Дверь ему отворил сам Тото Висбаль. В маленькой полутемной гостиной, в которой стояли где попало табуретки с обитыми кожей сиденьями, а стены были увешаны литографиями, мать и слепая бабушка Мины пили из чашек какой-то горячий ароматный напиток. Мина делала искусственные цветы.

– Уже прошло пятнадцать лет, падре, — сказала слепая, — как вы последний раз были у нас в доме.

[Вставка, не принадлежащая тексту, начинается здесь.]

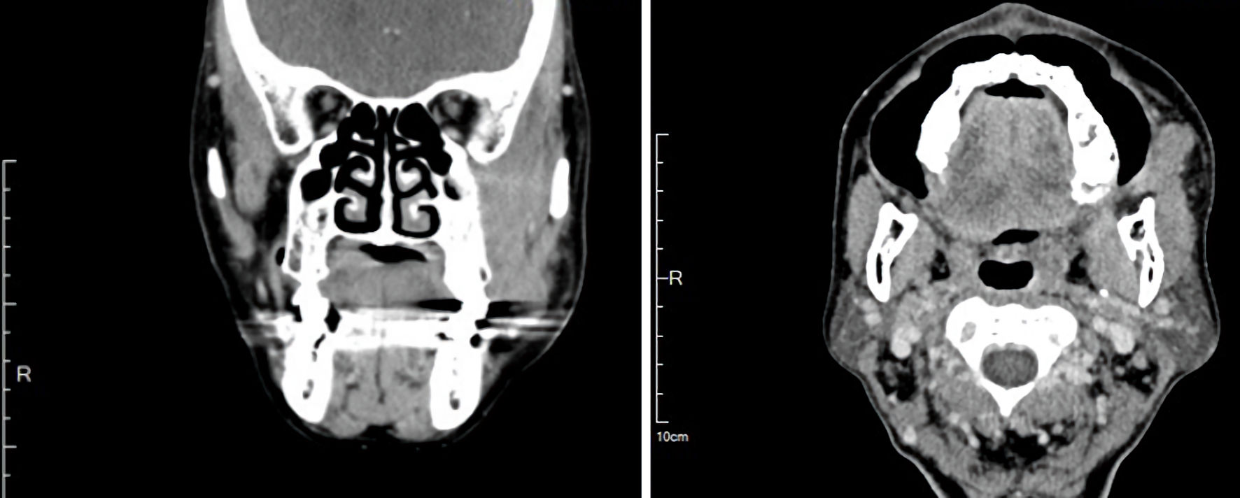 Contrast-enhanced computed tomography (CT) of the face revealed an infiltrative soft-tissue mass measuring 3.1 × 1.5 × 3.5 cm, centered in the left masticator space, with effacement of fat planes between the masseter, pterygoid, and temporalis muscles; there was no cortical erosion (Fig. 2). Given the deep-space location and infiltrative appearance, an intraoral incisional biopsy was performed under general anesthesia (Fig. 3).

Это и вправду было так. Каждый день проходил он мимо окна, у которого сидела и делала бумажные цветы Мина, но в дом не заходил никогда.

– Как летит время, — сказал падре, а потом, давая понять, что торопится, повернулся к Тото Висбалю. — Хочу попросить вас о любезности: пусть Мина с завтрашнего дня последит за мышеловками. Тринидад, — объяснил он Мине, — с субботы больна.

Тото Висбаль не возражал,

– Только время тратить попусту, — вмешалась слепая. — Все равно в этом году конец света.

Мать Мины положила старухе на колено руку, чтобы та замолчала, однако слепая ее руку сбросила.

– Бог наказывает суеверных, — сказал священник.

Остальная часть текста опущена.